# Model Optimization Notebook

This Jupyter Notebook demonstrates the process of preparing image data, downloading the COCO dataset, preprocessing images, and converting a YOLO NAS ONNX model to various SNPE DLC formats for deployment. The workflow includes:

- Importing necessary libraries for image processing and file management.
- Downloading and extracting a subset of the COCO validation dataset.
- Preprocessing images to the required input format for model inference.
- Converting the YOLO NAS ONNX model to SNPE DLC format, including quantization and graph preparation for specific hardware targets.
- Documenting each step for reproducibility and clarity.

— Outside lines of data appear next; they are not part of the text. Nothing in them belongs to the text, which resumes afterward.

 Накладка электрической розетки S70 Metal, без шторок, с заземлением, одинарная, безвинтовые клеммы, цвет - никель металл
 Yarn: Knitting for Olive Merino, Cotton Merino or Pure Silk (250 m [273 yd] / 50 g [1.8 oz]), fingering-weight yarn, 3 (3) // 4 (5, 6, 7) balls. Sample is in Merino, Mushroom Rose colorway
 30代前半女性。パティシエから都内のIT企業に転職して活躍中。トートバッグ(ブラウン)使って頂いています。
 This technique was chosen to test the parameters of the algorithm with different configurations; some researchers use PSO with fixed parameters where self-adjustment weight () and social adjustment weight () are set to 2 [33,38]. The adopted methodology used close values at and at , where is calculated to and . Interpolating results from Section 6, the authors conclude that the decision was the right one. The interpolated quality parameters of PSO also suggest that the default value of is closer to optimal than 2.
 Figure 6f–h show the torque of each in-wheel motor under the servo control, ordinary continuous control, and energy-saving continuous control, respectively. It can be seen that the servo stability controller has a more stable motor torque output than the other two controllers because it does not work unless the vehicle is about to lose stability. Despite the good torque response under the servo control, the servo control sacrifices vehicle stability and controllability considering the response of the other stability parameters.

This notebook serves as a practical guide for deploying deep learning models on Qualcomm platforms using the SNPE toolkit.

## How to Use

1. **Build and start the Docker Compose environment** as described in the project documentation.
2. **Access this notebook** in your browser at:  
    [http://127.0.0.1:8888/notebooks/model_optimization.ipynb](http://127.0.0.1:8888/notebooks/model_optimization.ipynb)
3. **Run all cells** in order to optimiza the ONNX model to Qualcomm chipsets.

In [None]:
# Import necessary libraries.
import glob
import os
import torch

import cv2 as cv
import numpy as np

## Data cleaning.

The `preprocess` function resizes an input image to 320x320 pixels, normalizes its pixel values to the range [0, 1], and returns the processed image as a NumPy array of type float32, preparing it for model inference.

In [None]:
def preprocess(original_image: np.ndarray) -> np.ndarray:
    """
    Preprocess the input image for model inference.

    Args:
        original_image (np.ndarray): The input image in BGR format.

    Returns:
        np.ndarray: The preprocessed image in the format expected by the model.
    """

    # Resize the image to 320x320 pixels and normalize pixel values to [0, 1].
    resized_image = cv.resize(original_image, (320, 320))
    return (resized_image / 255.).astype(np.float32)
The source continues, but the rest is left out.